Well-implemented staged backups keep track of data no matter where it is, automatically noting when an archive has been upstaged (written to tape). This sort of transparency makes the life of any backup administrator easier, and makes staged backups a favorite tool of most larger enterprises.
Account Management
One formidable challenge as Mac OS X deployment expands in scale and scope is that of account management —adding users, groups, and computers to a directory domain. Along these lines, Apple has engineered a passable import system that’s abstract enough to be applied to any type of directory node Mac OS X might interact with. This capability can be accessed graphically, using Workgroup Manager, or from the command line, using dsimportexport (renamed dsimport in later versions of Panther, since it never really did export data). This function is easy to access, from Workgroup Manager’s Server menu, using the import selection, as seen in Figure 4-3.
dsimportexport offers a number of options, most of which are also available in Workgroup Manager. It takes the following general form:
dsimport [-g|-s|-p] /path/to/file directory-node admin pass [O|M|I|A] [options]
where directory-node is the
Open Directory node (such as /NetInfo/DefaultLocalNode or /LDAPv3/127.0.0.1) where the imported users
should reside and where admin
and
pass
are the credentials of an
administrator in that node. Its -p and -s
flags refer to specifically formatted import files from AppleShare
IP and Mac OS X Server 10.X. Under most circumstances, you will be
working with the -g flag, a
custom characterdelineated file, discussed later in this chapter.
Its O, M, I,
and A flags deal with duplicate
handling, and are described in Table 4-3.
Option | Description |
O | Overwrites existing record with that from import. |
M | Granularly merges empty fields in existing record with populated fields from duplicate import. Useful for adding attributes en masse to existing objects. |
I | Ignores duplicate object from import. |
A | Granularly appends attributes from duplicate to attributes from original. This operation will result in multi-valued attributes. |
A typical import, then, would look something like what’s shown in Example 4-3.

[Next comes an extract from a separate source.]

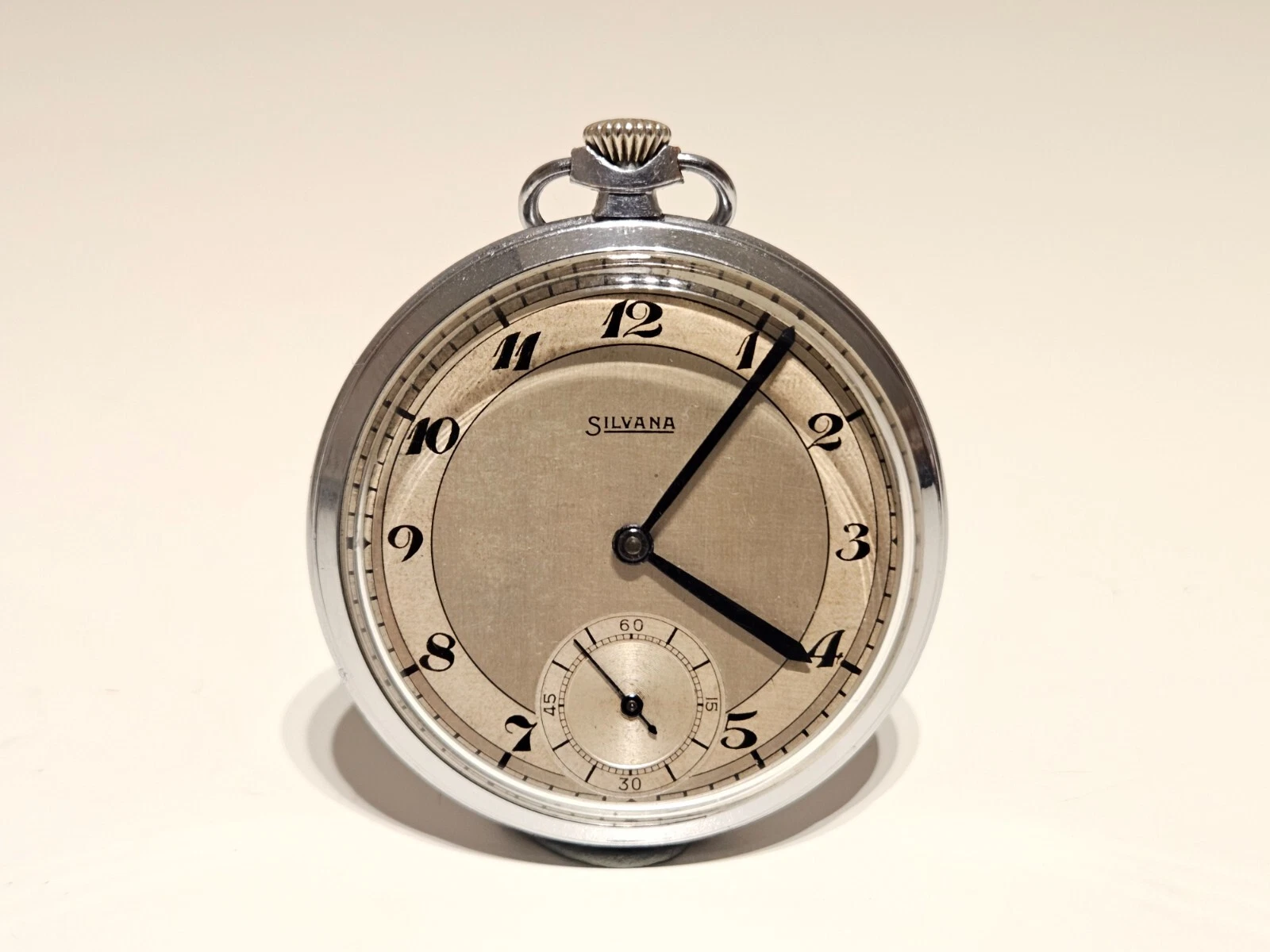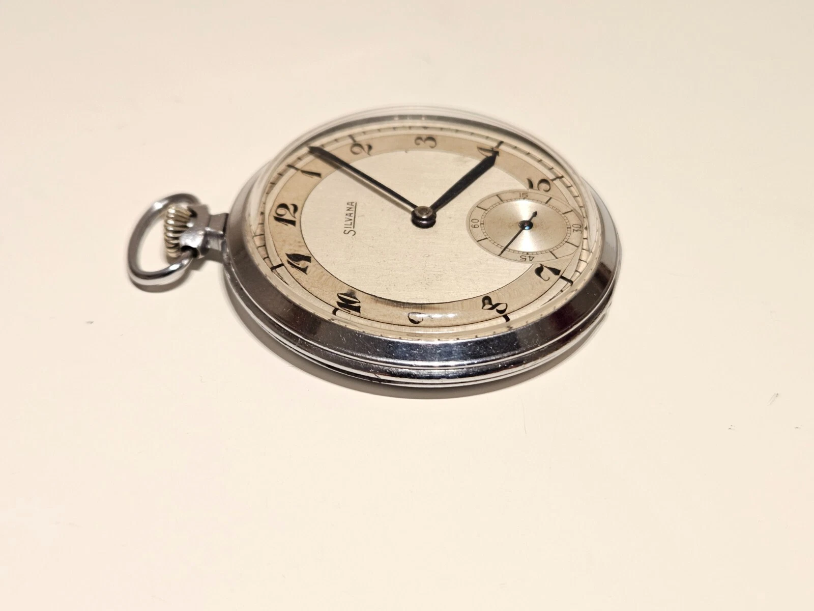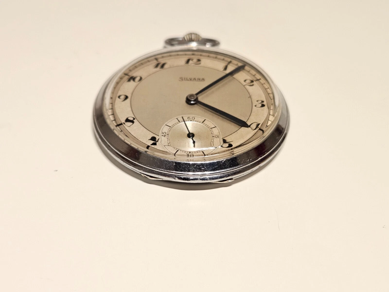 VINTAGE WW2 ERA RARE SWISS MEN'S TWO TONE DIAL OPEN FACE POCKET WATCH"SILVANA"

g5:~ ladmin$ ./dsimportexport -g 100 u/LDAPv3/odm.pantherserver.org odadm !!g@#d -O
Total Bytes =9937
Total Bytes =9937
Auth err = 0
Bytes Read =234
Bytes Read =332
Bytes Read =430
And that’s generally all you need to know. That syntax should suffice in most situations. However, dsimport, also supports a number of optional arguments, the most common of which are illustrated in Table 4-4.

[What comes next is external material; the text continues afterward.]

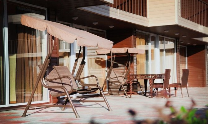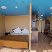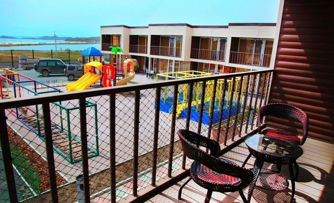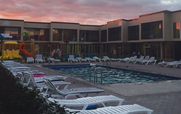 Гостиничный комплекс представляет собой огороженную территорию в 300 метрах от моря (песчаный пляж), на которой расположены 57 комфортных номеров на первом и втором этаже с балконами и панорамными окнами.
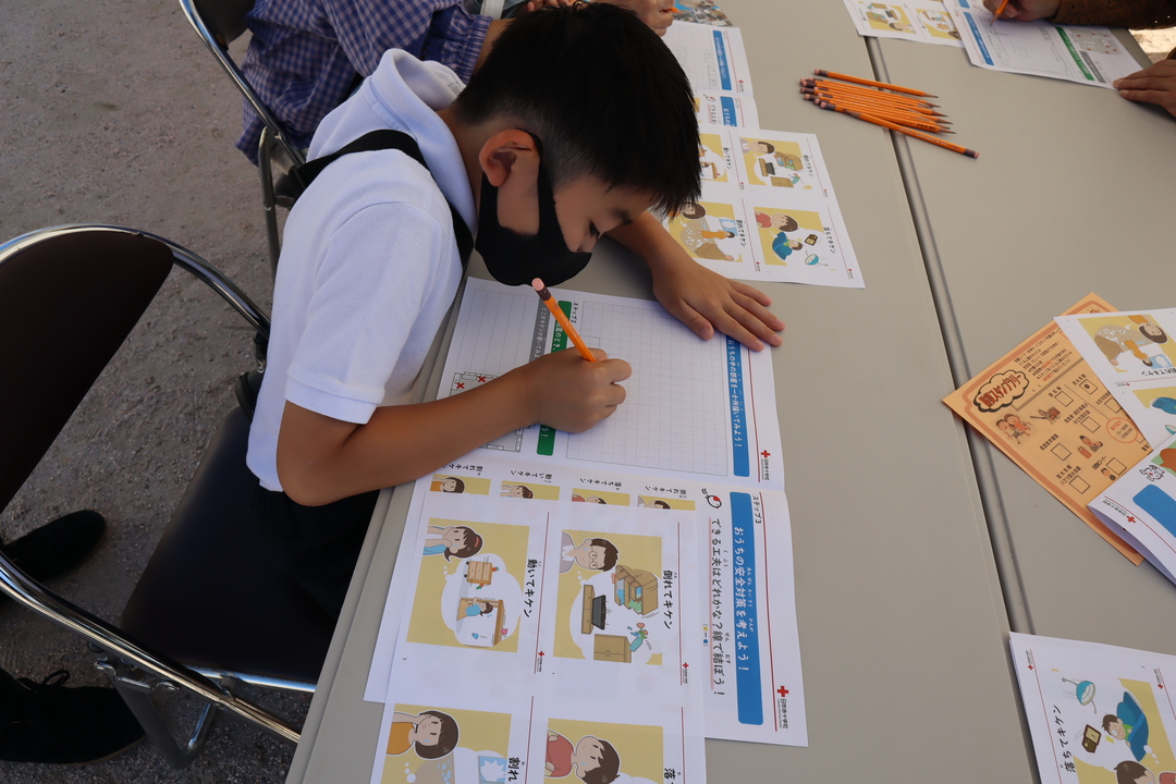 当支部と血液センターは、『おうちのキケン』のワークショップをおこないました。このワークショップでは、自宅の平面図を描きながら、地震で起こる被害や家具の安全対策の必要性について考えることができます。参加者は自宅のキケンな箇所に×をつけながら、家に帰ってから家族と安全対策について話をすることなどを宣言されていました。

Option | Argument(s) | Description |
--T | XDSStandardUser or xDSStandardGroup | Delimited import of files without the descriptive header. |
--s | Integer for starting UniqueID value | Indicates the starting UniqueID value for import records without specified UniqueIDs. Avoid this if possible—in general, try to include UniqueIDs in your import record. |
--recordFormat | 0x0A 0x5C 0x3A 0x2C dsRecTypeStandard:Users 8 RecordName AuthMethod Password UniqueID PrimaryGroupID RealName NFSHomeDirectory UserShell | Passes in an import header as a command-line option. The format of this header is discussed later in this chapter. This is somewhat cumbersome, and it’s usually easiest to specify the header in the import file. |
--r | PrimaryGroupID | Specifies a primary group ID for import records that lack one. In general, it is better to include a PrimaryGroupID in your import record. |
--v | Verbose output. | |
--y, --yrnm, and --yrpwd | IP address, username, and password, respectively | Contacts Mac OS X Server remotely over the DSProxy port (625) in order to push a user import to a remote server. |
--d | (in hex) End of record, escape, end of attribute and multiple value delineator characters | Specifies (in hex notation) the delineation fields normally found in the header of the import record. This is quite cumbersome and it’s usually easier to specify delineators in the import file. |
However it is run, dsimportexport leaves a descriptive log file (Example 4-4) in the Home directory of the user who executed the command. This log is named according to the date and time of the import. Logs are never purged automatically, and can accumulate over time on a busy system.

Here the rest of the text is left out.